4. If you’ve made a resolution to lose weight/get fit you did so for a reason. Try to remember that reason. Don’t beat yourself up if you slip-up on the diet, or backslide on the exercise. As far as exercise, something is better than nothing. If you’re not “in the mood”, just go for a walk – it gets you moving at least.

So go to it! Let 2012 be the year you achieve your resolution!

05 January, 2012

Time's a-wasting!

Well, my work computer won't allow me to access my home drive, so I can't do any real work until I hear back from our IT guys. Apparently everyone with Vista is screwed up, so it may be a while.

However...I have internet access, so might as well do some blogging!

I'm seriously considering taking personal time this afternoon. "J Edgar" has been reduced to one showing, at 1:00. I've heard good things about it, and remember being interested based on the previews.

...I have to say, I do like that I can take personal time for random crap. Not always, but if there's not a lot happening at work, and I've got the time, nobody fusses over my motives for using it. Do you save "vacation time" for "vacations"? Or, like me, do you sometimes use the time for more capricious pursuits?

Well, for now I'm off to play voyeur in the blogosphere. We'll see how my computer acts around noon.


I got a new phone yesterday. My first Smartphone…I know a nerd without a smartphone, weird, right? Well, I have one.

Now I have techno-anxiety about learning all about it before it becomes obsolete! And what Apps should I get or avoid? I want a GPS, and probably Pandora, and maybe Angry Birds – based on referral by my sister and her 10yo son…

Any ideas? Good/useful apps to have? Stupid ones to avoid?

And I still have to get my pictures off my old phone. I have a great Star Wars photo – with me in it – that was my wallpaper and I really want to keep that. If I don’t get those pics transferred within a day or two, I know I never will. I always have to strike while the iron is hot.

So my new toy. I feel it’s too good for me. I’ll have to smack it around a little and show it who’s boss!

03 January, 2012

Throes of Nerd-Rage

…that was a phrase used in a text to me from a friend agonizing over the lack of help he got from tech-support when his computer crashed. I love that: “throes of nerd-rage” or even just “nerd-rage”. I think we should add that to the modern lexicon.

And tech-non-support. You've been there, right? There’s a program I have to use at work, and the folks who run that system re-organized last year, and suddenly their previously decent tech-support team was clueless. I think it was out-sourced. Anyway, here’s an example of a typical call: (the actual subjects have been altered so this doesn’t get all boring and technical.)

Me: I’m looking at these snowballs and the system won’t let me turn them into ice-cream.

TS: There’s a button at the top of the screen you can click that says “ice-cream”. Have you tried that?

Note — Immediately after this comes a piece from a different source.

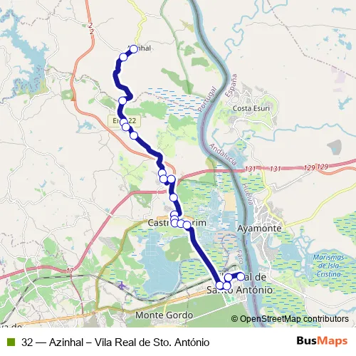 Bus 32 - Azinhal – Vila Real de Sto. António in Castro Marim: Stops & Timetable

Me: That button is greyed out. I need some other way to turn these snowballs into ice-cream.

Tech-Support: What’s the reference number?

Me: 2-12345

TS: Okay I’m looking at those snowballs. Yep you’re right. The button is greyed out.

Me: So what can we do to turn them into ice-cream?

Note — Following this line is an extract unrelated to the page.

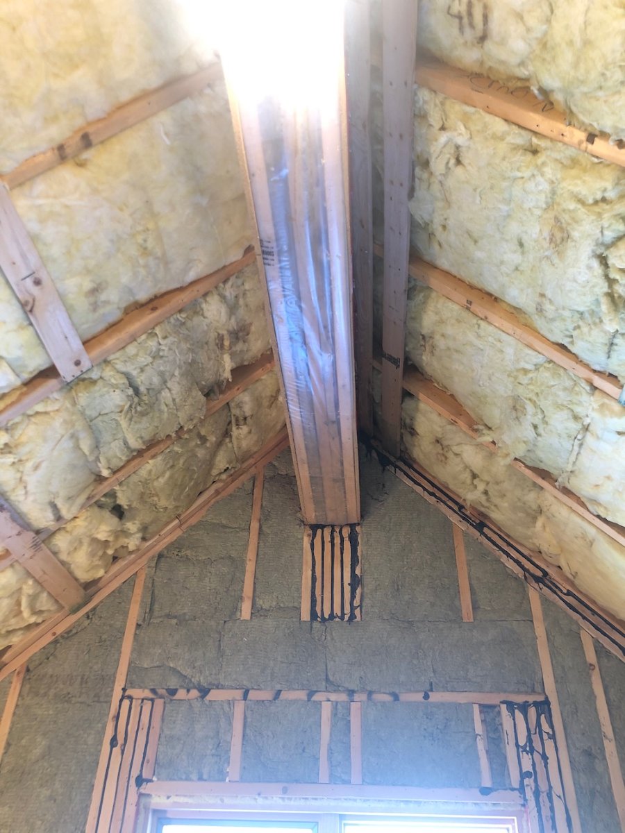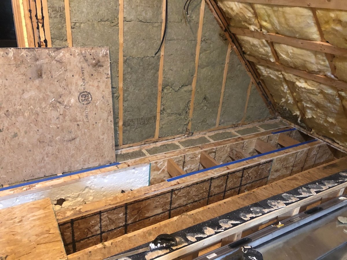 Now that the box is sitting at the top, I tried my best to completely surround the box with insulation. I had to fill every little nook and cranny and make sure there's no air gaps anywhere. Lots more insulation will need to be done later on but for now I'm making sure I address all of these hard to reach places because once the ceilings are framed I will not be able to get to those places so it all had to be done now.

TS: You’re going to have to call customer service. I can’t do anything with the button greyed out.

Me: But I’m not a customer. I’m an operator. That’s why I’m calling you.

TS: Customer service can help you with this.

Me: …

TS: Do you have their number?

Me: yes. [click]

Seriously, what is the point of tech-support who can’t do anything different from what I can already do? Nerd-rage indeed.